In this part of training, we show the usage of Hadoop Pig, a high-level data analysis tool on top of Hadoop MapReduce. Througout the training you will learn how to run interactive shell and run Pig script. We will use feature construction for predictive modeling from longitude data as an example.

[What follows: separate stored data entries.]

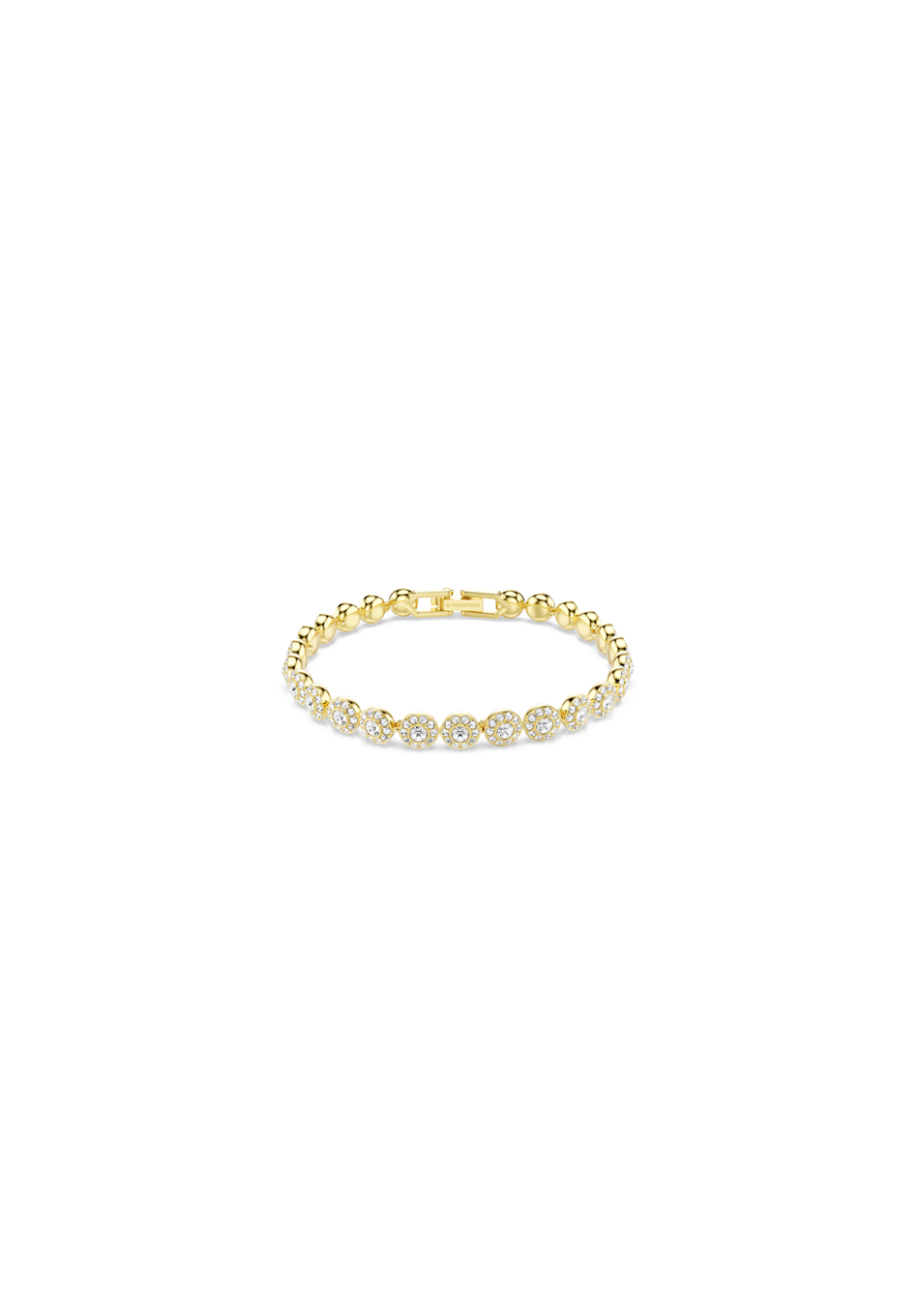 Swarovski rigid bracelet, with white Zirconia rhodium plating. Length (minimum - maximum): 17 - 17.3 cm Decoration size: 0.7 x 1.5 cm.
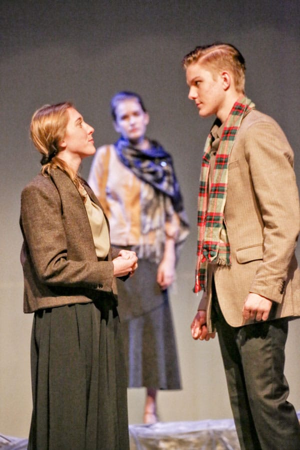 Pictured left to right: Jenna Snyder, Isabella Dempsey and Logan Bakken performing the play “Women of Lockerbie,” which was chosen to be presented on the main stage at the International…
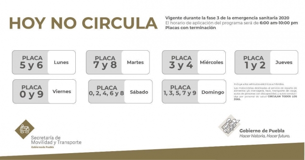¡Síguenos!A partir del Lunes 11 de mayo, dejaran de circular vehículos en el Estado de Puebla, esto como parte del combate de la pandemia del Covid-19 y durante la semana de mayor contagio.

Pig provides a shell to manipulate data interactively. Let's start a shell an run that in local mode for demo purpose
pig -x local
and you will see promte as
[info] ...
grunt>
Next, you can input Pig Latin statement, the basic construct of using Pig. For example,
grunt> case_events = LOAD 'case.csv' USING PigStorage(',') AS (patientid:chararray, eventname:chararray, dateoffset:int, value:double);
Here we call the case_events a relation in Pig Latin. In this statement, we load data from case.csv file into case_events relation. We also specified the schema of the data as
(patientid:chararray, eventname:chararray, dateoffset:int, value:double)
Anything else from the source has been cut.